Plato was a student of Socrates who was born and lived between
427-347 B.C. He is the author of several influential works
of classical literature on philosophy and government, including
perhaps his most famous work, Republic. But, we must
also note that it is mostly through Plato's writings that
we have come to know of the life and death of Socrates.
Plato wrote Republic somewhere between 427-347 B.C.
But the oldest manuscript copy that we have of this ancient
document comes from nearly 1300 years afterward, in the year
900 A.D. The total number of manuscripts that we have for
Republic from about this time is seven. Because of
the late date, none of these manuscripts were penned by Plato.
Therefore, the case for historicity of Socrates and Plato
is similar to that of Alexander the Great. The available records
are considered sufficient to establish where and when Socrates
lived, how he died, and what he said and taught. Likewise,
we know Plato was a student of Socrates, who also lived in
Athens, that he is the author of Republic, and we know
a great deal about the philosophy he developed, which has
also been greatly influential on the development of western
and world civilization for several millennia now and counting.
Julius Caesar and the Gallic Wars
Julius Caesar, the first Roman emperor waged a campaign against
Gaul between 100-44 B.C., which led to the subjection of Gaul
as a territory of the Roman Empire. The historical record
of these events comes from documents written by Julius Caesar
himself. We accept the historicity of these events, that it
was Caesar who wrote them, and that Caesar's description of
them is accurate based upon ten ancient manuscripts of Caesar's
work, Gallic Wars. The earliest copy of these was written
at around 900 A.D., nearly 1000 years after Julius Caesar
lived and fought against Gaul, and was copied by someone who
was very far removed from the people and events described
in the work.
Aristotle
Aristotle was a Greek philosopher who lived between 384-322
B.C. and was a student of Plato. He is credited with a work
known as Poetics, written in 343 B.C. There are five
ancient manuscripts of this work available today, the oldest
of which is from the year 1100 A.D. We accept these manuscripts,
written at least 1400 years after the fact, as sufficient
evidence for establishing Aristotle's authorship of Poetics
as a historical fact.
Homer and the Iliad
With the exception of the shear number of available manuscripts
the historical evidence that Homer wrote the Iliad
is similar to that of Aristotle and Poetics and Plato
and Republic. Though most of the 643 copies that we
have of this work date from around 500 A.D. the oldest fragments
are dated at only 500 years after Homer is said to have originally
penned the work in 900 B.C. These 643 manuscripts are enough
to establish Homer and his authorship of the Iliad
and enough to make the Iliad the second most historically
established work of antiquity.
Other Ancient Persons and Works
Besides those we have already mentioned above we might mention
a few more examples. All but three of these examples are ancient
historians from whom modern historians draw much of their
information in order to create our understanding of ancient
history.
Xenophon, was a ancient Greek historian and student of Socrates.
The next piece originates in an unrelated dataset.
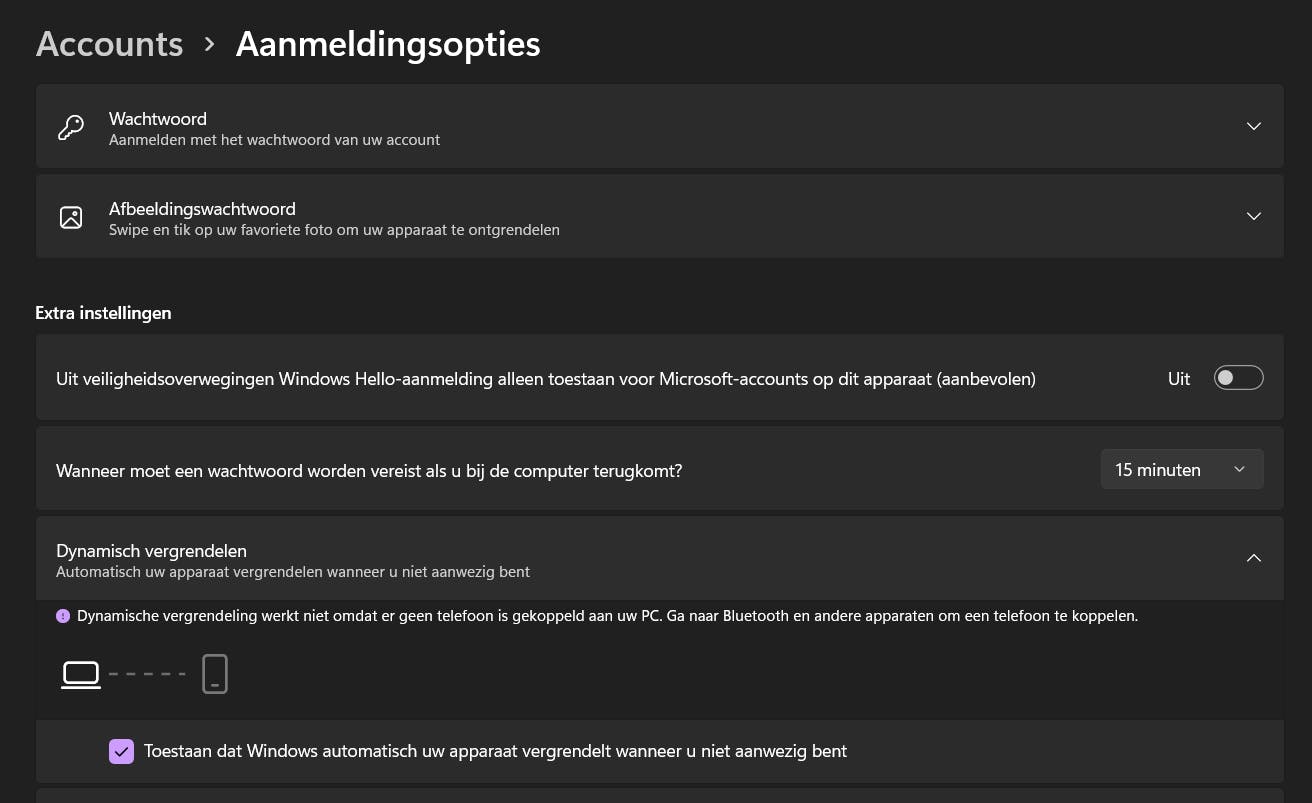 Voor vergeetachtige gebruikers is er de Dynamische vergrendeling, een automatische beveiliging gebaseerd op bluetooth. Deze functie is beschikbaar in Windows 10 en 11. Het enige wat je nodig hebt, is een pc die uitgerust is met bluetooth en een Android-telefoon of iPhone met bluetooth. Dynamische vergrendeling koppelt via bluetooth je pc met je telefoon. Wanneer je met de telefoon op zak weggaat, zal het bluetooth-signaal verzwakken en wegvallen. Als Windows dit detecteert, zal het de pc vergrendelen.

He was born in 431 B.C. and died in 354 B.C. In between he
wrote Anabasis (or March Up Country), which
chronicles the events surrounding the Greek attempt to take
the throne of the Persian king Artaxerxes between 401-399
B.C. The earliest manuscript of Anabasis that we have
today is dated to 1350 A.D., nearly 1750 years after Xenophon
lived and the events and persons he wrote about.
Herodotus also wrote a work entitled History. He lived
between 485-425 B.C. and wrote of events that took place 50-125
years earlier in 546-478 B.C. Yet the earliest of the eight
copies of his work that we have available today dates from
900 A.D., 1400 years or so after the life of the author and
the events described.
Thucydides' work History was written between 430-425
B.C. The events that he describes took place 0-30 years before
he wrote. But the eight copies of this work that we have today
all date at around 900 A.D., 1300 years after the author and
the events he described.
For Lucretius, a Roman poet and philosopher who lived between
99-55 B.C. we have just two copies of his work On the nature
of the Universe. These copies were written between 1100-1400
years after his life and writings.
Polybius was a Greek historian who lived between 240 B.C.
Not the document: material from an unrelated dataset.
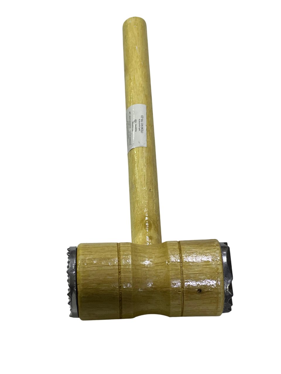dual-sided meat tenderizer hammer with a wooden handle and metal heads. This versatile kitchen tool is designed for pounding and tenderizing various cuts of meat.

and 122 B.C. His work, entitled History records events
that occurred between 220-168 B.C. The earliest copy of Polybius'
History that we have today is from 950 A.D., nearly 1100 years
or so after the persons and events that Polybius wrote about.
Tacitus, was a Roman historian who wrote a record of history
between 56-120 A.D. His work, entitled simply History
(or Annals) covers the period of world history occurring
between 14-68 A.D. meaning that Tacitus was writing of events
that took place 30-100 years before he recorded them. The
earliest manuscript we have of Tacitus' History comes
from 850 A.D., approximately 750 years after the events he
describes occurred and after Tacitus lived and wrote the original
text. There are a total of 20 ancient copies of this work
available to us today.
Seutonius a Roman historian, lived and died between 70-130
A.D. He wrote a history of the twelve caesars from Julius
to Domitian called the Lives of the Twelve Caesars.
The people and events he describes took place between 50 B.C.
and 95 A.D., 25-170 years before he wrote of them. The earliest
of the eight copies that we have of his work are dated 750-1500
years after the events occurred.
Pliny the Elder, another ancient historian, lived between
60 and 115 A.D. Writing at around 110-112 A.D. he covered
current events that took place between 97-112 A.D. in his
work, Letters. However, the earliest manuscript that
we have from Pliny is from 850 A.D., nearly 750 years after
Pliny's life and the events he recorded. We have a total of
seven copies of Pliny's Letters.
Plutarch, who lived between 46-130 A.D., was also an ancient
biographer and historian. His work Parallel Lives of the
Famous Greeks and Romans discusses persons and events
from 500 B.C. to 70 A.D. However, the earliest copy of this
work that survives into modern times is dated at 950 A.D.,
which is 850-1500 years after the lives and deeds of the persons
Plutarch wrote of in his original.
Flavius Josephus, a Jewish historian was born in 37 A.D. and
died in 101 A.D. He wrote Jewish War and Jewish
Antiquities about events, which occurred between 200 B.C
and 65 A.D., 10-300 years before he wrote the record. The
earliest copies of these two documents date from around 1000
A.D., 900-1300 years after the events described and the life
of the author.
Sophocles the Greek poet who lived between 496 and 406 B.C.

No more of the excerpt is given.